Ed Miller edbon85 at optonline.net
Fri Dec 19 01:10:20 AKST 2003


The spirit and intent was and is to replicate the Wright Flyer, and hopefully that historic moment of flight to the exact detail on the history making 100th anniversary. Sure, 100 years later even a bunch of ARF building modelers can think of ways to improve the Wright Flyer, but that isn't the point of this exercise. Without the Wright Flyer and the vision and determination of the Wright brothers, we might not be here to arm chair quarterback this. This team of  "pilots and carpenters" 100 years later possess the skills, determination and most importantly the desire to try and re-create one of the most significant events in human history. Re-creating the Wright Flyer down to the level and detail this team has including building a replication of the original engine, surely displays this team engineering prowess.

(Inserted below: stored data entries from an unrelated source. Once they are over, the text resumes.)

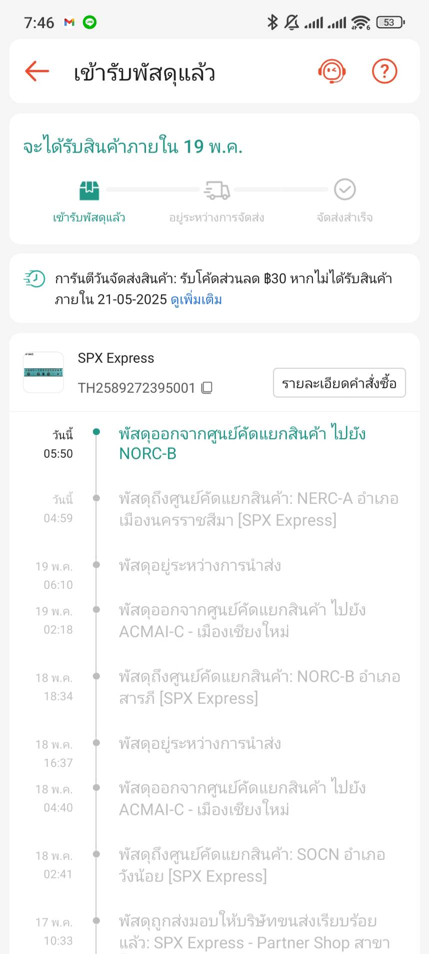 คือสั่งของจากกรุงเทพมาเชียงใหม่ครับ กำหนดส่งวันที่ 19 ตอนแรกก็ถึงศูนย์คัดแยกสารภีเชียงใหม่แล้ว ไอ่เราก็ใจชื้นคิดว่าคงได้วันนี้ ก็ไม่ได้สนใจ เพราะพี่ขนส่งรู้จักกันอยู่แล้ว เวลาของมาแกจะยิงเบอร์มา แล้วก็วางไว้ที่เดิม พอเวลาผ่านไปเลย2ทุ่มเงียบ คงคิดว่าไม่ได้หละ คงจะมาส่งวันนี้ พอเปิดมาดูวันนี้วันที่20ไปนครราชสีมาเฉย คือแบบว็อททท แล้วแบบนี้จะได้ตามกำหนดไหมครับ ที่จริงก็เลยมาแล้วแหละ ช่วงนี้ทำไมระบบแปลกๆ ปกติ spx express ส่งไวมากเลยนะ บางทีมาก่อนกำหนดอีก อย่างของผมอยู่ในตัวเมืองมาก่อนกำหนดตลอดครับ
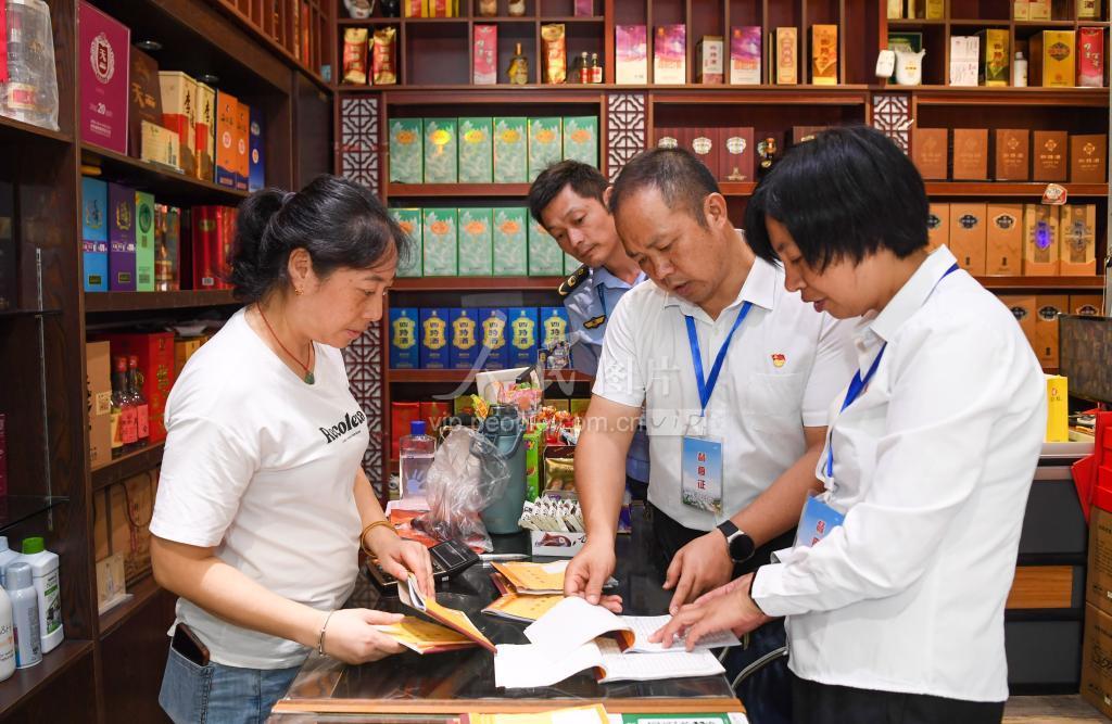 2023年9月25日,江西省樟树市纪检监察干部和市场监管部门工作人员在城区一家烟酒专营店摸排是否存在公款违规购买烟酒等情况。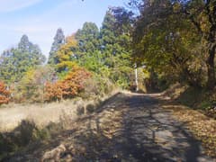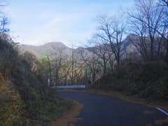 分岐に戻り、関東ふれあいの道から別れて車道を上がる。裾野の耕地の上端から振り返って子持山を眺めたのち、樹林の間の車道に入る。木々はすっかり葉を落とし、道に積もった枯葉をカサコソと踏んで歩く。

The Wright Brothers did not have 100 years of aeronautical theory and design to fall back on, every step forward they took was a step into un-chartered waters and we today reap the benefits of their dedication and perseverance. This team approached this monumental task with the same mindset. 
When the wind and humidity is right and lady luck is on their side ( exactly what the Wright brothers had 100 years ago ), they will successfully fly the Wright Flyer re-creation. 
Everything you enjoy about flight came from the Wright Flyer and the vision of the Wright Brothers. 
Pay the team 100 years later the respect they deserve in trying to bring to all of us that magic moment.
Ed M.
----- Original Message ----- 
  From: Henderson,Eric 
  To: discussion at nsrca.org 
  Sent: Thursday, December 18, 2003 9:59 AM
  Subject: Wright Flyer.


   I have been avidly following the progress of the Wright Flyer replica. It's driving me nuts watching them try to fly it. (Is there an aeronautical engineer on the project? - looks a lot like pilots and carpenters)


  From where I sit, admittedly in my arm chair, the thing looks, acts and flies very TAIL HEAVY! 

  The engines are behind the CG on the wings. There's almost nothing up front to bring the CG to a decent stable point. Am I off base here?

  Also I have meddled with models of the plane a little. Wing warping that goes only goes down induces worse wash-in at the slowest of speeds and is pretty nasty in the model. Instead of lifting the wing it drags it back making the plane turn adversely to the intended input. I know that they were trying to fly an exact replica so they went with everything as true to history as possible, but it is frustrating watching it struggle.

  Any thoughts,

  Regards,

  Eric.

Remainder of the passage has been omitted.